# Siemens 3RW44 Soft-Start and 55KW motor problem.



## egdavies (Mar 22, 2019)

I’Hi all,

This is my first post so please bear with me.

I'm working on a biogas powered generator that consists of an asynchronous 55kw 3ph 400v motor coupled to a v8 gas engine that supplies powder to the grid. It has been in use for just over two years. To start, the engine starter is engaged and then a Siemens soft-start (in delta) operates over 10 seconds to bring the speed up to 1480 rpm. (50Hz). When at this speed fuel is introduced into the engine and the motor starts producing power instead of using it.
The problem started with an engine over speed fault which I traced to a broken flexible coupling.
After this was replaced the soft-start fails to start the motor, it just hums and then times out, although when the coupling is disconnected the motor does turn slowly but does not pick up speed.
I suspected the Siemens 3RW44 25-1BC44 soft-start so replaced it with another new unit, different make but same specification, and this causes the main 100A mcb to trip despite changing parameters as suggested by the supplier . So I tried it on another unloaded 30kw motor and the main mcb trips the same. This all happens too fast to see fault codes. The original soft start works with the 30kw motor.
I have tested the motor as best as I can. All winding have the same resistance, 0.17ohm on my meter, 0.35 for 30kw motor and over 200Mohm on the insulation test so seems OK to me.

To sum up:

1. Original Soft-start & 55kw motor --> motor hums or turns very slowly with on load (voltage across each windings about 137v)
2. Original Soft-start & 30kw motor --> OK
3. New soft-start & 55KW motor --> trips fuse
4. New soft-start & 30kw motor --> trips fuse

My conclusion is a faulty 55kw motor and a faulty second Soft-Start, but I can’t believe the motor is faulty.

My questions:
Is it possible for the Siemens 3RW44 to be faulty on the larger motor and OK on the smaller motor?
Are there any other tests I can do on the motor?
Is there any likelihood that an electrical fault caused the coupling to fail?
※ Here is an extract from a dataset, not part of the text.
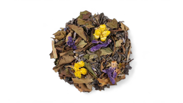 Ingredients: Green Tea China Chun Mee*, White Tea Pai Mu Tan*, lavender* (6%), natural lavender flavouring, mallow*, cudweed*, natural bergamot flavouring, vanilla extract*, vanilla*. *Certified organic

I’d much appreciate any help.

Thanks


----------



## gpop (May 14, 2018)

I would have to prove that all 3 legs are really there (amps). 

Its easier with a scope meter to see what really is happening during the start up (power quality meter). But the general rule of thumb is that a humming motor is single phasing. 
Now you have a interesting set up because when its coupled the engine starting motor is acting as a bump start for the electric motor. This would give a 3 phase motor missing a leg direction and if the breaker could hold the load it would probably spin up on 2 legs. 

The only other thing i can think of with out seeing a lot more details is that you have 6 leads back to the soft start and you reversed one set (makes real weird noises if you reverse one coil pack). Maybe some one tried to reverse the motor and only switched one set when there were 2 per phase.


----------



## JRaef (Mar 23, 2009)

Most likely the 55kW motor has a shorted winding, but the original Siemens 3RW44 is set up for Current Limit, and the "similar" soft starter that you tried to replace it with did not, or is was one of the cheap "2 phase" versions that people to selling now. 



So when the 55kW motor is connected to the Siemens starter, the soft start feeds into the shorted winding, but limits the current to a level that is not causing the breaker to trip until the soft starter trips itself off on Failure to Start or something. Then when you connect the other soft starter that is not (or cannot) do Current Limit, the current jumps to the trip point immediately and tripped the breaker. That then probably caused a shorted SCR in that 2nd starter, so it tripped again on the 30kW motor because you have now damaged it. However when you connect the original Siemens starter to the 30kW motor, there is no more short so it functions normally.


----------